A lo largo de las últimas décadas se han acumulado los estudios sobre los determinantes sociales de la salud, que han demostrado cómo el código postal influye más en la salud que el código genético1,2. Sin embargo, esta aseveración tan repetida (y toda la ciencia que la sustenta) no ha acarreado cambios estructurales en nuestra forma de entender los procesos de salud-enfermedad: enfermamos y sanamos socialmente, pero al analizar las consecuencias sigue predominando la mirada biomédica, con lo que la respuesta discurre mayoritariamente en este mismo sentido. Esto es algo que ha quedado patente en la forma de organizar la respuesta a la pandemia por COVID-19: seguimos tratando lo biomédico (condicionado por lo social) como exclusivamente biomédico, aunque pongamos como guinda al pastel un recordatorio sobre los determinantes sociales y la equidad.
Si las causas de las desigualdades en salud son sociales, así tendrán que ser las soluciones, de otra forma, desde el modelo biomédico, estamos reproduciendo dichas desigualdades. En este sentido, uno de los conceptos clave en el momento actual es el de sindemia3: este término híbrido (sinergia-demos), acuñado por el antropólogo Merill Singer, pone el foco en lo relacional y los determinantes sociales de la salud en los procesos de enfermar.
El concepto de sindemia aplicado a la COVID-19 se refiere al efecto sinérgico que se produce entre el virus y las patologías concurrentes, permitiendo visibilizar otras epidemias de enfermedades preexistentes que colocan en una situación de mayor vulnerabilidad frente al virus a unas personas que a otras. Pero va más allá del enfoque de la comorbilidad como simple sumatorio de enfermedades, ampliando la mirada a los procesos biosociales en los que se dan estas enfermedades, además de entender los contextos y las condiciones de vida como los posibilitadores de estas interacciones entre distintas patologías4.
El Centers for Disease Control and Prevention (CDC) explica así el enfoque sindémico: «Mientras que el enfoque tradicional de salud pública empieza por definir la enfermedad en cuestión, un enfoque sindémico primero definiría la población, identificando las condiciones que generan y mantienen la salud en esa población, por qué esas condiciones son diferentes entre poblaciones y cómo hacer para abordarlas de forma adecuada»5. Un abordaje adecuado de las diferencias injustas y evitables de las condiciones de vida de las personas precisa de un enfoque de equidad, siendo la acción comunitaria una herramienta para trabajar en la disminución de las inequidades.
Se trata de un modelo que ha tomado más protagonismo en la época de la COVID-19, pero que ya desde hace años se viene proponiendo desde la antropología médica como herramienta que nos permite ampliar el foco biomédico, poniendo en el centro las condiciones en las que enfermamos, e integrar los determinantes sociales en la forma de entender la salud y la enfermedad en lugar de ser simplemente la explicación de la carga desigual de enfermedad en poblaciones6.
Aunque la pandemia por COVID-19 es un fenómeno global, no parece adecuado el uso del término sindemia global, ya que la pandemia tiene expresiones diferentes en distintos contextos locales, que es justamente en donde pone el foco tanto la perspectiva sindémica como la acción comunitaria. El entorno local, la comunidad, es donde se desarrolla la vida de las personas; el barrio, el vecindario, es donde las personas viven y trabajan, pero también donde enferman y sanan, son territorios comunes y próximos a la ciudadanía donde se tejen vínculos, relaciones y redes de apoyo.

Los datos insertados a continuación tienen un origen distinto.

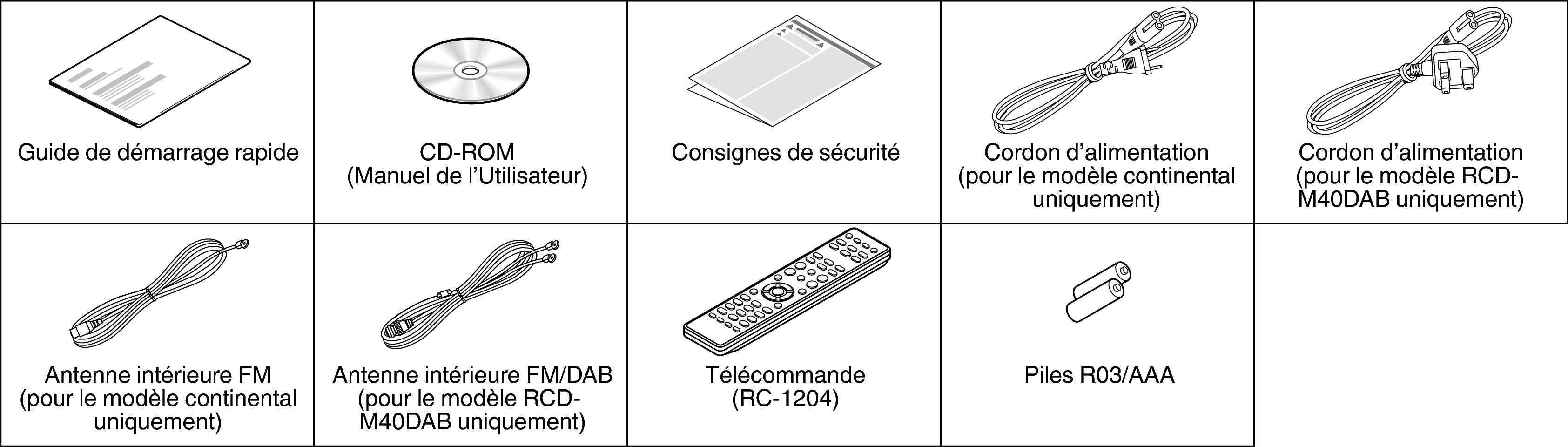 Assurez-vous que les articles suivants sont fournis avec l’appareil.
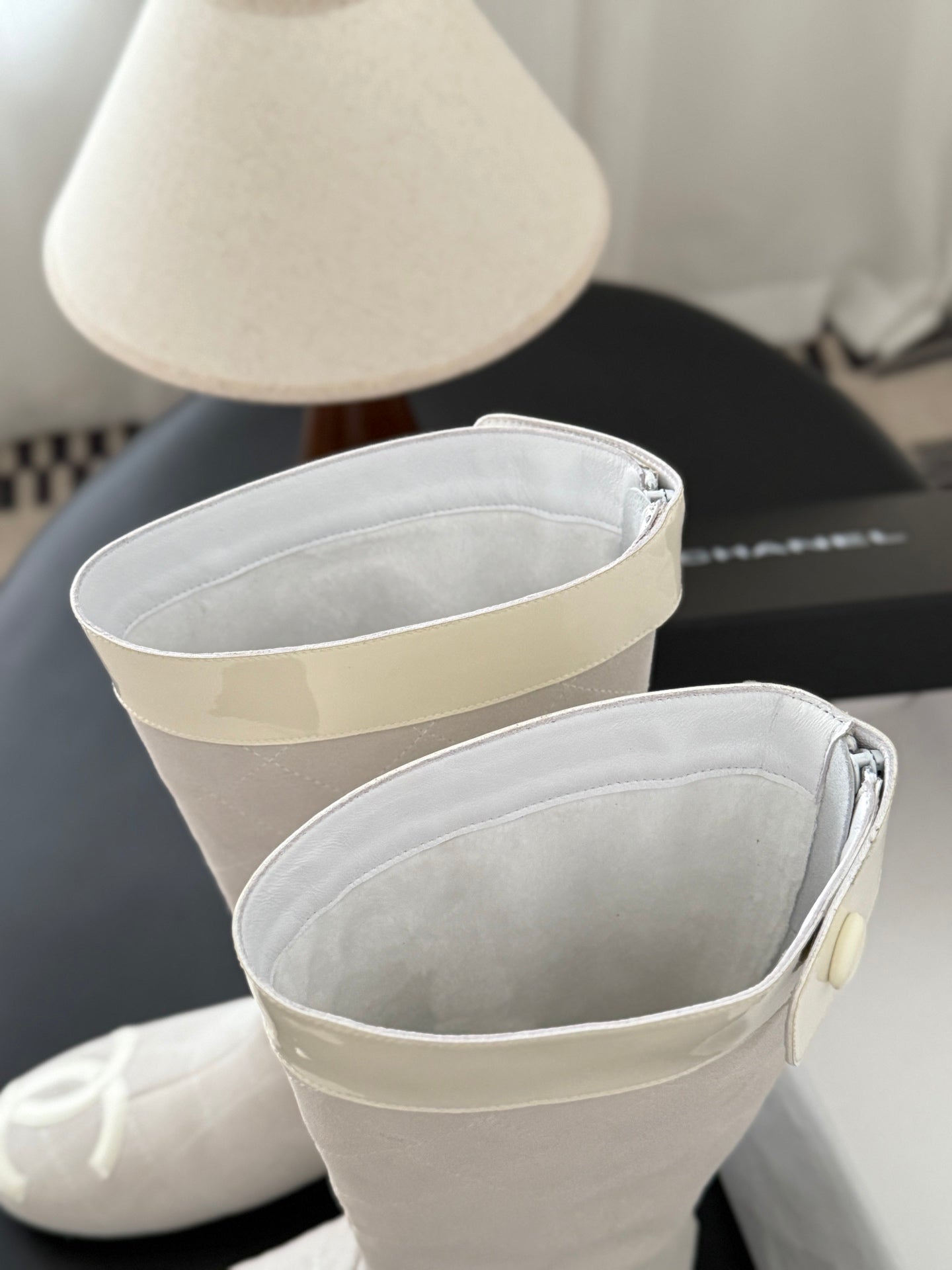 CC 2025 Vintage Cambon Mid-Calf Boots White Suede Patent Leather 550639
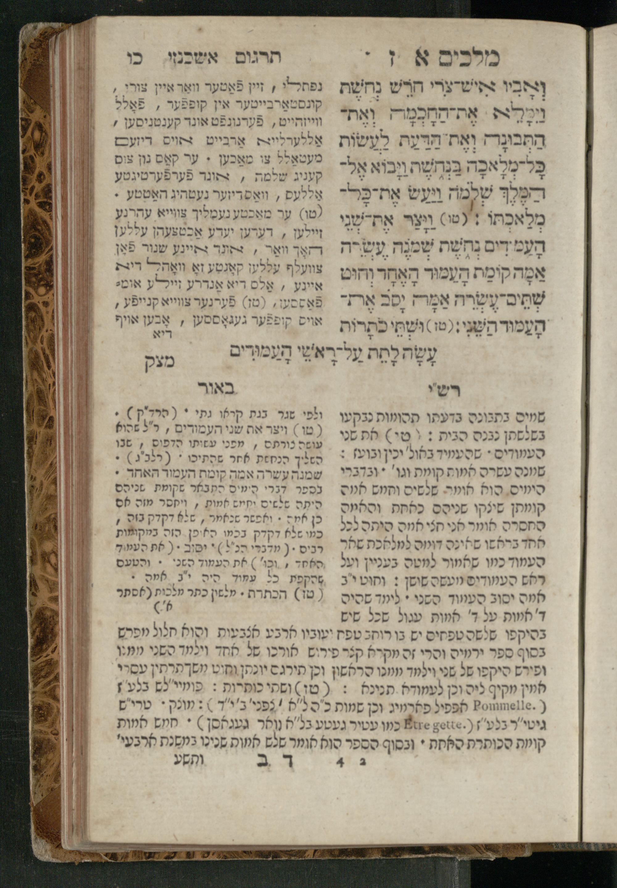 Sefer Melakhim 1 / ʿim targum Ashkenazi u-veʾur [meturgam u-mevoʾar ʿal-yede R. Meʾir Oborniḳ], ṿe-hosafti bo pe. ... Rashi z.ts.l. ... Ṿe-nilṿeh elaṿ pe. Mikhlal yofi ...ספר מלכים א / עם תרגום אשכנזי ובאור [מתורגם ומבואר על ידי ר׳ מאיר אברניק], והוספתי בו פי׳... רש״י זצ״ל. ... ונלוה אליו פי׳ מכלל יופי ...
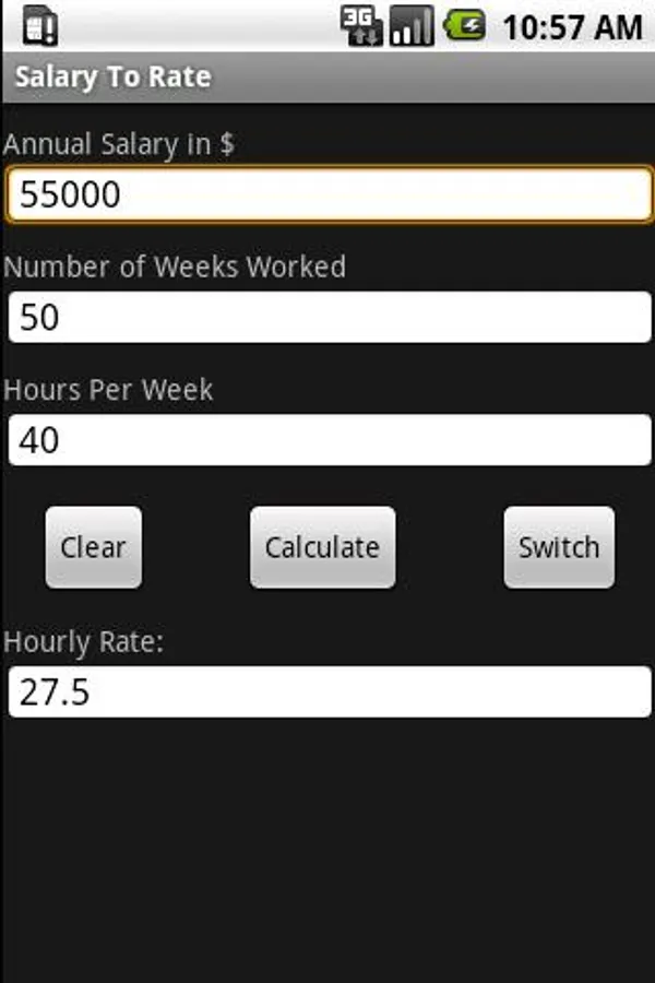 This application converts your salary to an hourly rate, based on your average weeks and hours worked.
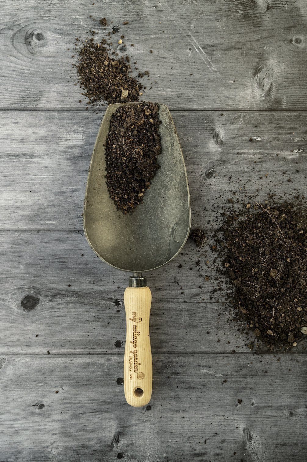 Mit der Kompostschaufel kannst Du bestens Deine Töpfe (auch mit normaler Erde) befüllen und den Kompost um die Pflanzen verteilen.

El enfoque sindémico también pone el énfasis en lo relacional, porque enfermamos en comunidad y es en comunidad donde debemos encontrar las herramientas para mejorar o mantener la salud. Este foco en lo relacional lo tienen en común la sindemia y la acción comunitaria, entendiendo la acción comunitaria como la dinamización de las relaciones sociales de cooperación entre las personas de un determinado ámbito o espacio de convivencia7.
Las personas viven en comunidad y pueden relacionarse de formas diversas, favoreciendo la equidad, o no. La participación, un elemento clave en la acción comunitaria, favorece la generación o mantenimiento de redes sociales y la cohesión social. Además, la cohesión social está muy vinculada con las desigualdades sociales, de tal forma que en sociedades más igualitarias todas las personas, independientemente de su posición socioeconómica, tienden a participar más en grupos locales, organizaciones de voluntarios y asociaciones8. Y viceversa: la participación disminuye las desigualdades sociales, facilitando que las personas puedan incrementar el control sobre las cuestiones que afectan a sus vidas, lo que repercute positivamente en la salud individual, pero también en la salud poblacional, al poderse ajustar mejor las políticas e intervenciones a las necesidades de la población9.
Pero, además, el enfoque sindémico abre la mirada, nuevamente, para permitir entender que la acción comunitaria es más necesaria que nunca (figura 1).